Co-Chair of the Michigan Republican Party Calls for Secession, Becoming the Third Republican State Leader Calling for a New Confederacy

May 22, 2021

No need to re-enact the CIvil War when Republican leaders want a real one.  (Alvin Trusty)

No need to re-enact the CIvil War when Republican leaders want a real one. (Alvin Trusty)

By Oliver Willis

American Independent Foundation

Meshawn Maddock, the co-chair of the Michigan Republican Party, suggested that her state should secede from the Union like the pro-slavery Confederacy did before the Civil War.

“Maybe it’s time for a #MIExit American’s [sic] tried it once before! Time to end our Governor’s tyrannical rule,” Maddock wrote in a Facebook post on Friday.

The post was accompanied by a picture of Maddock with Nigel Farage, the xenophobic British politician who has advocated for Brexit, the United Kingdom’s departure from the European Union.

Maddock is now the third leader of a state Republican party who has advocated for some form of secession, echoing comments made by the leaders of the GOP in Wyoming and Texas after the 2020 election.

A Donald Trump surrogate in 2020, Maddock was elected co-chair of the state party in February.

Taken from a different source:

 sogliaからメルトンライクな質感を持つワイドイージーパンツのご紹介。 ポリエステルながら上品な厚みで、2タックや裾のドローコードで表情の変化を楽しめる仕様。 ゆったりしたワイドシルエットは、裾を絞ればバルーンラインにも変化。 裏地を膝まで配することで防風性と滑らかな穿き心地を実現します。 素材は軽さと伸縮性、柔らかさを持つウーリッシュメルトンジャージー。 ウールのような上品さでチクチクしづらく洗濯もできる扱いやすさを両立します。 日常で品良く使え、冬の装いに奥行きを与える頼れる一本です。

Jeff Timmer, who led the Michigan GOP from 2005 to 2009, called Maddock “nuts” in a February 2021 interview, after calling her “the most powerful person in Michigan Republican politics.”

Maddock’s election came after she played a vocal role in efforts to overturn President Joe Biden’s election win in Michigan, where Trump won in 2016.

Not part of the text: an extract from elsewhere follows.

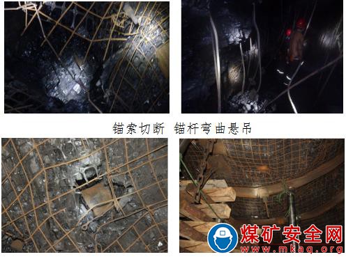 拉伸頸縮,表明巷道破壞瞬間錨桿、錨索承受了水平載荷作用,頂部煤體在水平?jīng)_擊載荷作用下發(fā)生碎脹變形,可以推斷頂煤冒落的主要原因是在破壞瞬間,巷道頂部煤體在沖擊載荷作用下發(fā)生碎脹變形,導(dǎo)致錨桿、錨索無法對其進行有效約束。
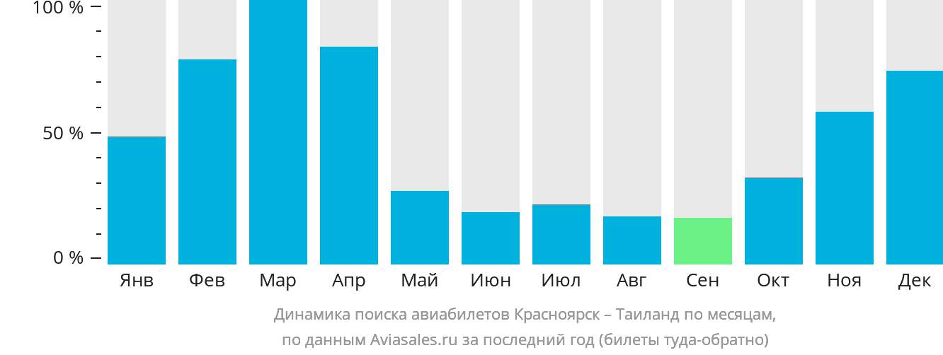 В период высокого спроса рекомендуется приобретать авиабилеты из Красноярска в Таиланд заранее. Например, число поисковых запросов в марте достигает максимума в 9182 запросов , а в сентябре их количество снижается до 17 от максимума.

Maddock and her husband, GOP state Rep. Matt Maddock, posted false messages on Facebook claiming irregularities in the state’s election results.

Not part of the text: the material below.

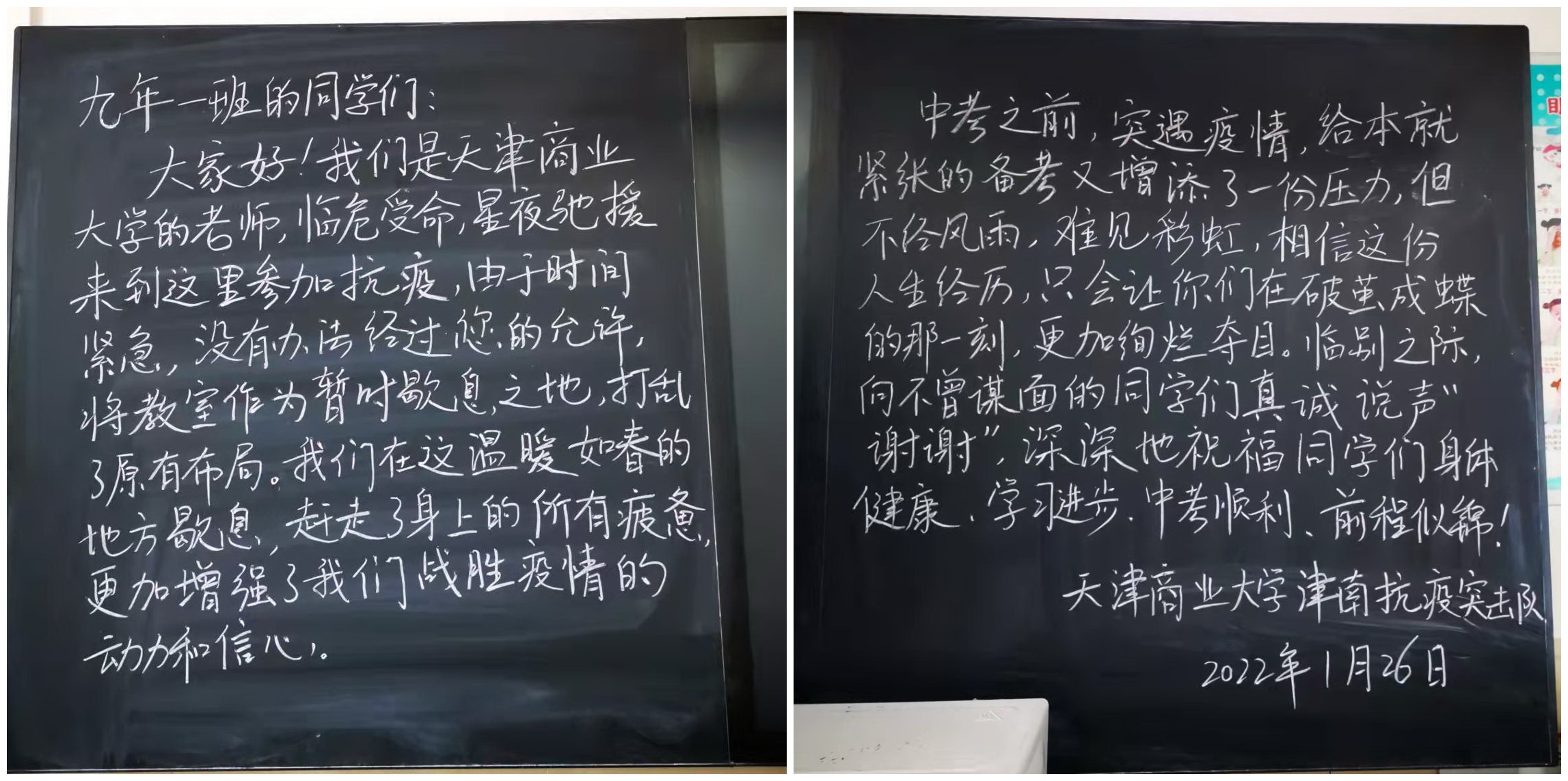 “同学们,大家好!我们是beat365英国官方网站的老师,临危受命、星夜驰援来到这里参加抗疫工作,将教室作为了暂时歇息之地,……,向不曾谋面的同学们真诚说声“谢谢”,也深深地祝福同学们身体健康、学习进步、中考顺利、前途似锦!”1月26日下午,在beat365官网津南抗疫工作教工突击队接到命令撤离前,突击队队员、信息工程学院辅导员孙学川代表突击队在战斗期间的昼夜歇息之地——咸水沽三中九年一班、二班的黑板上,给同学们留下了饱含深情的感谢和祝福语。1月18日,beat365官网驰援津南区抗疫工作教工突击队的28名干部教师来到这没有硝烟的津南“主战场”,他们不畏严寒,众志成城,发扬伟大抗疫精神和“越是艰险越向前”的大无畏精神,服从命令听从指挥,克服困难勇于担当,白衣执甲守护平安,夜以继日严守阵地,全力以赴地完成了各项抗疫任务,为打赢这场疫情防控阻击战作出了重大贡献。

She appeared at a protest at the TCF Center in Detroit and promoted conspiracy theories about the election results.

“Democrats are trying to steal this election and they are not even trying to hide their treachery,” she wrote on Twitter a day later.

Maddock in December signed a document falsely claiming to be an “elector” chosen by Michigan voters to cast a presidential ballot for Trump. The document, which was filed in a court case, claimed that the electors had “convened” in the state Capitol, but they were never actually allowed into the building.

Along with her husband, she also attempted to enter the Capitol to cast an electoral vote for Trump.

A month later, Meshawn Maddock took part in the Jan. 6 “Stop the Steal” rally in Washington, D.C., that preceded the attack on the U.S. Capitol.

“We are here and ready to #StopTheSteal with America!” she wrote the day before the event.

On the day of the protest, Maddock shared a video of the crowd in which a voice could be heard saying, “We need to march on the Capitol when we’re done here and drag these people out of power.”

After the day’s events, Maddock has said she condemns the attack on the building in which five people died.

Maddock was also a part of protests against COVID-19 safety regulations put in place by Gov. Gretchen Whitmer. She attacked mask wearing and said she would boycott retailers who sold masks.

In April, Maddock shared a tweet that falsely claimed masks are ineffective against the virus.